Exactly reproduce the lines from the one containing "Transform your outdoor" through the last line of the data, both ends included, leaving out pictures.

■ Supplied material
★ ★ ★

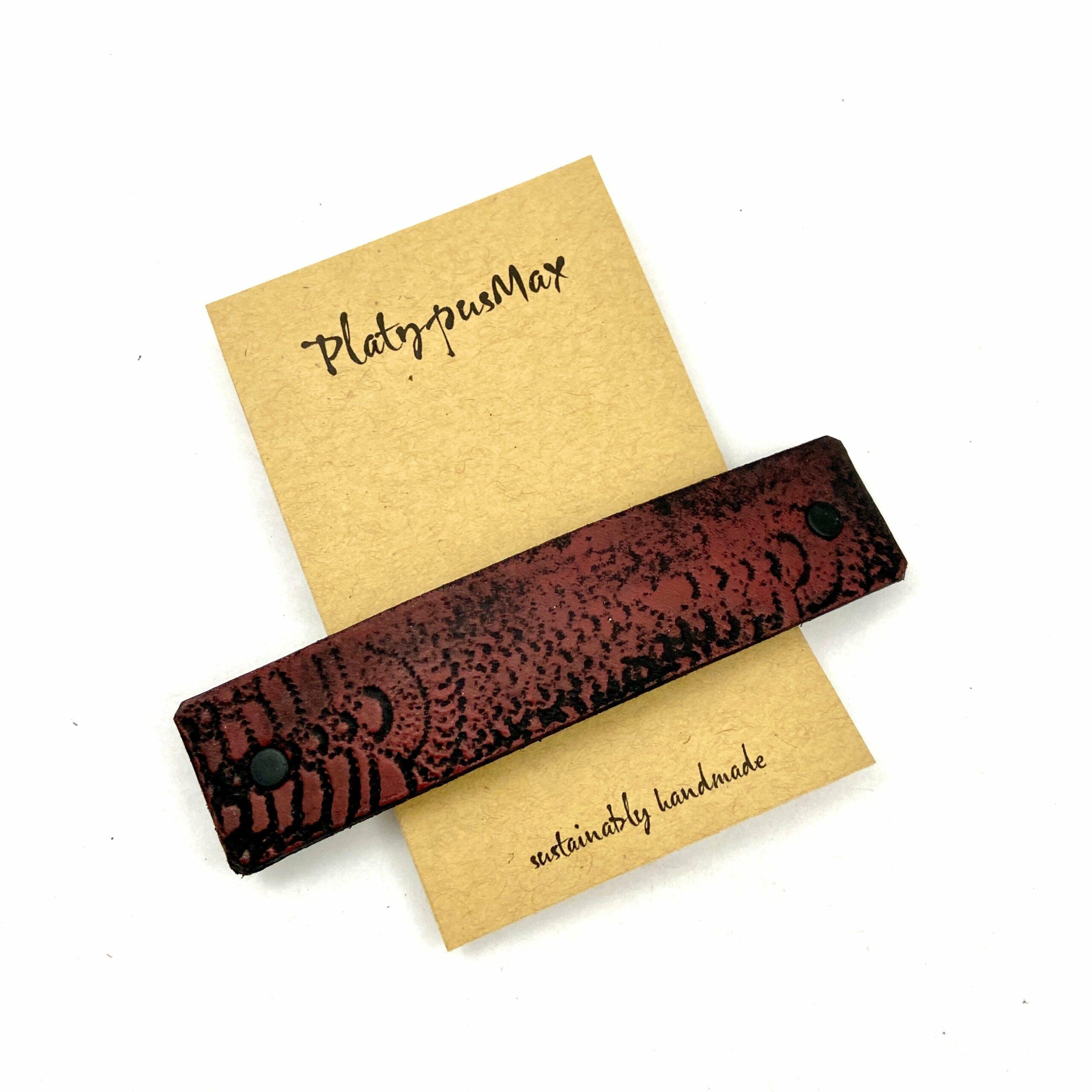 This textured cinnabar red leather hair barrette features a rustic embossed vintage lace texture. Color is rich brick red, reminiscent of antique Chinese lacquer or a distressed Indian batik stamp. Under the red is naturally hand-dyed black leather, from reclaimed remnant stock. It makes a great gift for anyone with long hair and a vintage vibe as a nice practical alternative to jewelry. Add a brilliant but warm earthy splash of red to your look while keeping your hair out of your way.
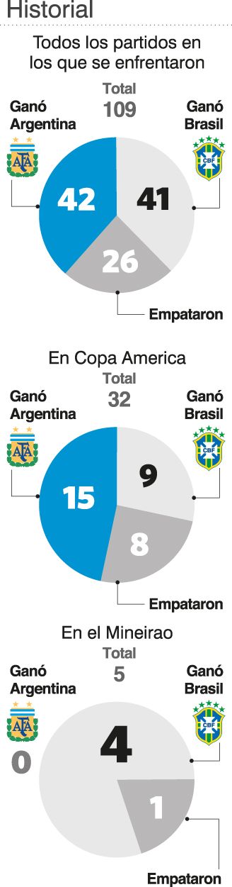 Los fríos números son relativos, pero marcan una tendencia como mínimo. Y en este último tiempo, Brasil ha sido superior en los mano a mano. De ahí, que se entienda que hace 14 años que Argentina no celebra en un clásico "oficial". Fue el 8 de junio del 2005 por las Eliminatorias en el estadio de River: 3-1 con los tantos de Hernán Crespo (2) y aquel zurdazo que aún se recuerda de un tal Román Riquelme, que por entonces lucía la camiseta número 8 en su espalda. Del lado visitante estaban auténticos cracks como Roberto Carlos, Rivaldo y Ronaldinho, entre otros.
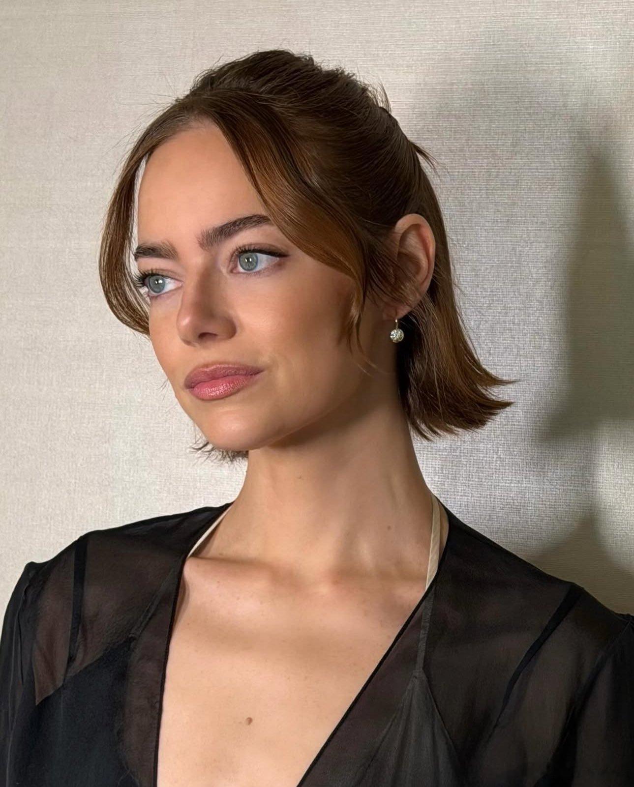 emma stone艾玛斯通近期活动造型,扎半头好温柔
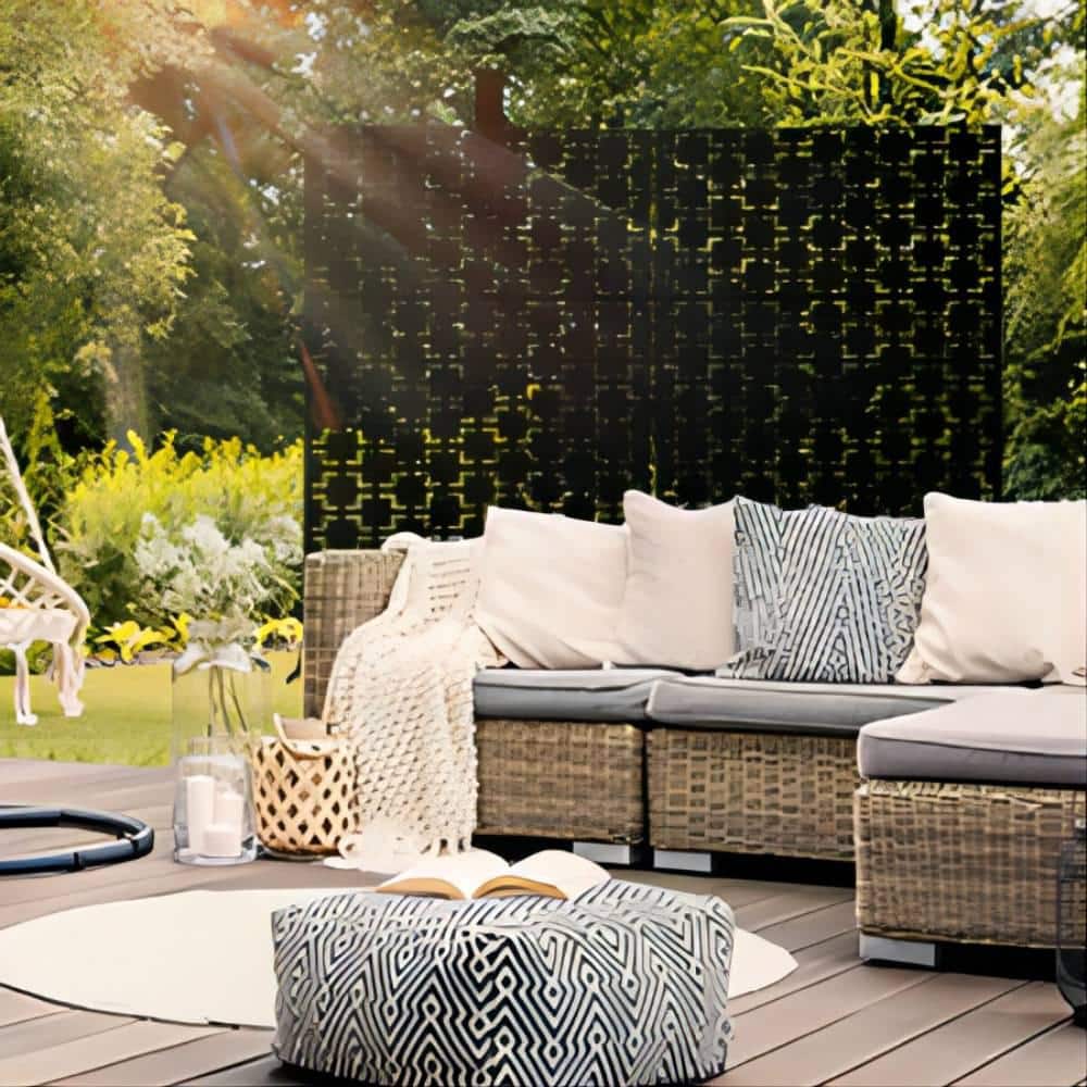 Transform your outdoor living space into a serene enclave with these stunning rust-colored metal privacy screens from Lirago. The rich hue and intricate detailing offer a refined yet grounding touch to any garden or patio ambiance. Place them strategically to delineate spaces or create a secluded nook for relaxation or entertaining. These panels are not just dividers; they are an essential design element that integrates functional privacy with outdoor charm, elevating your space to a new level of sophistication.
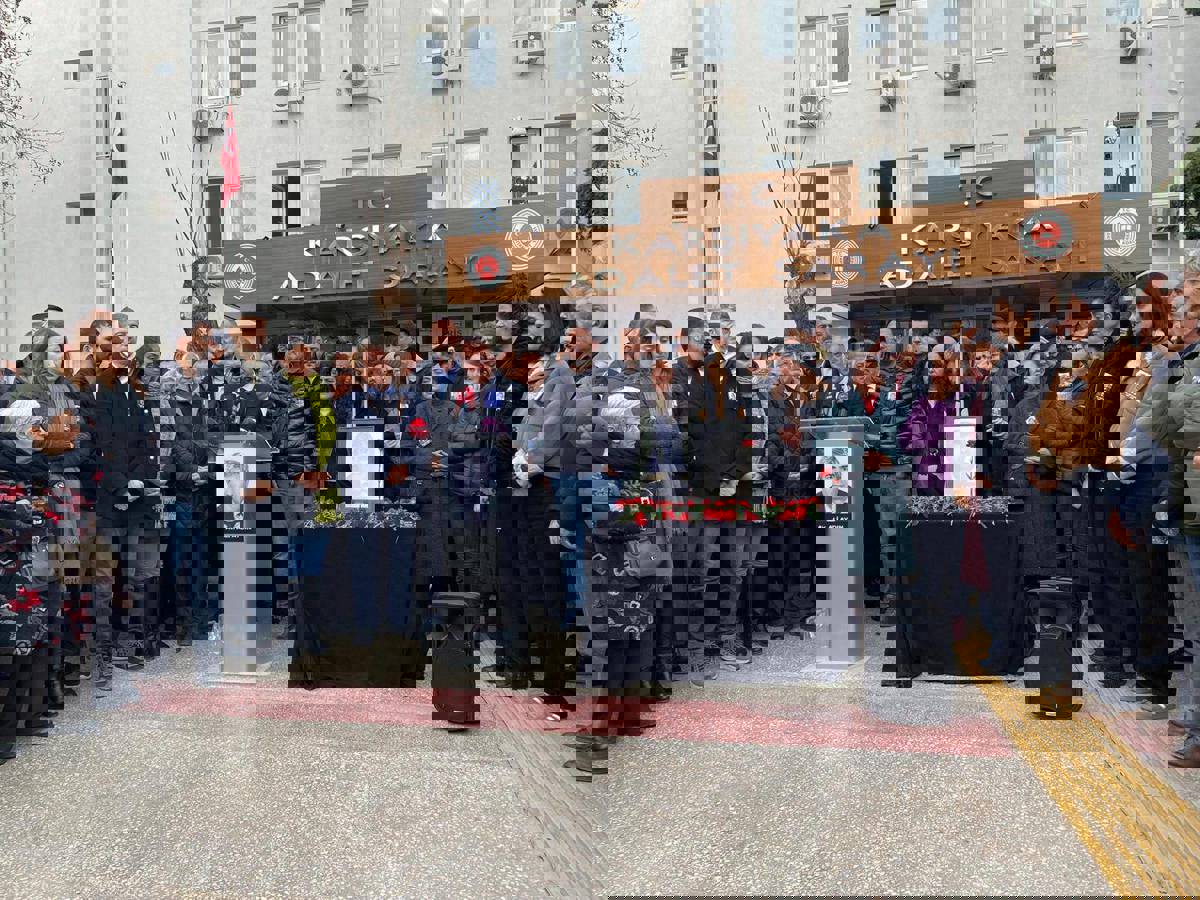 Diğer yandan meslektaşları Ali Aydın için Karşıyaka Adliyesi önünde bir araya geldi. Burada yapılan açıklamaya Aydın'ın ailesi, İHD Eş Genel Başkanı Cihan Aydın, İzmir Barosu Başkanı Sefa Yılmaz, Halkların Eşitlik ve Demokrasi Partisi (DEM Parti) Eş Genel Başkanı Öztürk Türkdoğan, siyasi parti ve sivili toplum kurumu temsilcileri yanı sıra çok sayıda kişi katıldı. Açıklamada "Ali Aydın onurumuzdur" ve "İHD susmadı susmayacak" sloganları atıldı.

★ ★ ★

■ Result of the exercise
 Transform your outdoor living space into a serene enclave with these stunning rust-colored metal privacy screens from Lirago. The rich hue and intricate detailing offer a refined yet grounding touch to any garden or patio ambiance. Place them strategically to delineate spaces or create a secluded nook for relaxation or entertaining. These panels are not just dividers; they are an essential design element that integrates functional privacy with outdoor charm, elevating your space to a new level of sophistication.
 Diğer yandan meslektaşları Ali Aydın için Karşıyaka Adliyesi önünde bir araya geldi. Burada yapılan açıklamaya Aydın'ın ailesi, İHD Eş Genel Başkanı Cihan Aydın, İzmir Barosu Başkanı Sefa Yılmaz, Halkların Eşitlik ve Demokrasi Partisi (DEM Parti) Eş Genel Başkanı Öztürk Türkdoğan, siyasi parti ve sivili toplum kurumu temsilcileri yanı sıra çok sayıda kişi katıldı. Açıklamada "Ali Aydın onurumuzdur" ve "İHD susmadı susmayacak" sloganları atıldı.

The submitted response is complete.